((

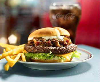 通常のビーフパティの約2.5倍のパティ、スパイシーに味付けしたスライスビーフとオニオン、クリームチーズソースをはさんだ。「ラスベガスのきらびやかさ、豪華さ」を表現したという。
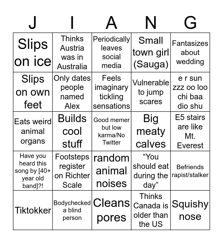 This bingo card has 25 words: Footsteps register on Richter Scale, Cleans pores, Feels imaginary tickling sensations, Tiktokker, Fantasizes about wedding, Slips on ice, Slips on own feet, Thinks Austria was in Australia, Big meaty calves, random animal noises, Vulnerable to jump scares, Eats weird animal organs, “You should eat during the day”, Befriends rapist/stalker, Only dates people named Alex, Squishy nose, E5 stairs are like Mt. Everest, Periodically leaves social media, e r sun zzz oo loo chi baa dio shu, Builds cool stuff, Good memer but low karma/No Twitter, Bodychecked a blind person, Have you heard this song by [40+ year old band]?!, Small town girl (Sauga) and Thinks Canada is older than the US.
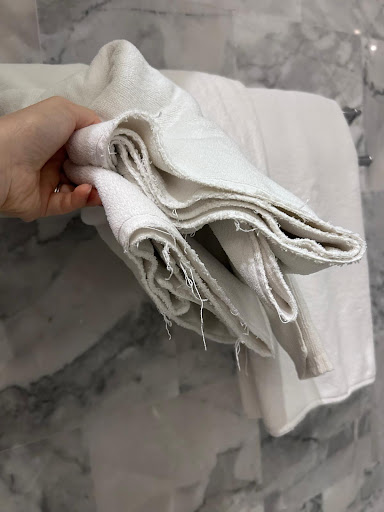 First, the basic amenities were either missing or of poor quality. There was no iron available, and the room was far from clean. There was hair and dandruff on the red sofa, mold and algae in the toilet corners, and a stained bedsheet. The towels weren't much different from rags , with the edges tattered and torn. The slippers were filthy with stains, and the carpet had not been vacuumed at all. When one of the front desk staff requested room service to clean our room with a vacuum, the cleaner actually argued with her in front of us and was unwilling to do it.
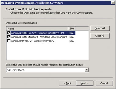 Вторая часть процесса OSD — создать компакт-диск с образом установки. Обычный способ развернуть программу в SMS — объявить ее для коллекции компьютеров, на которых установлены клиенты SMS. Затем клиент SMS загружает пакет из точки дистрибуции и устанавливает его на клиентском компьютере SMS. Однако новый компьютер не входит в коллекцию и не располагает клиентом SMS, поэтому новая система не принимает объявлений. При развертывании операционной системы на новом компьютере используется режим Image Installation CD, чтобы создать файл в формате ISO (который, как и образ операционной системы, необходимо записать на компакт-диск), содержащий загрузочную среду WinPE и оболочку OSD. WinPE и оболочка OSD извлекают образ операционной системы из точки дистрибуции и устанавливают его (наряду с другими компонентами) на целевом компьютере.

))

> Exercise objective:
Set down word for word each line from the one containing "First, the basic" through the end of the material, and keep the pictures out of it.

> Task response:
 First, the basic amenities were either missing or of poor quality. There was no iron available, and the room was far from clean. There was hair and dandruff on the red sofa, mold and algae in the toilet corners, and a stained bedsheet. The towels weren't much different from rags , with the edges tattered and torn. The slippers were filthy with stains, and the carpet had not been vacuumed at all. When one of the front desk staff requested room service to clean our room with a vacuum, the cleaner actually argued with her in front of us and was unwilling to do it.
 Вторая часть процесса OSD — создать компакт-диск с образом установки. Обычный способ развернуть программу в SMS — объявить ее для коллекции компьютеров, на которых установлены клиенты SMS. Затем клиент SMS загружает пакет из точки дистрибуции и устанавливает его на клиентском компьютере SMS. Однако новый компьютер не входит в коллекцию и не располагает клиентом SMS, поэтому новая система не принимает объявлений. При развертывании операционной системы на новом компьютере используется режим Image Installation CD, чтобы создать файл в формате ISO (который, как и образ операционной системы, необходимо записать на компакт-диск), содержащий загрузочную среду WinPE и оболочку OSD. WinPE и оболочка OSD извлекают образ операционной системы из точки дистрибуции и устанавливают его (наряду с другими компонентами) на целевом компьютере.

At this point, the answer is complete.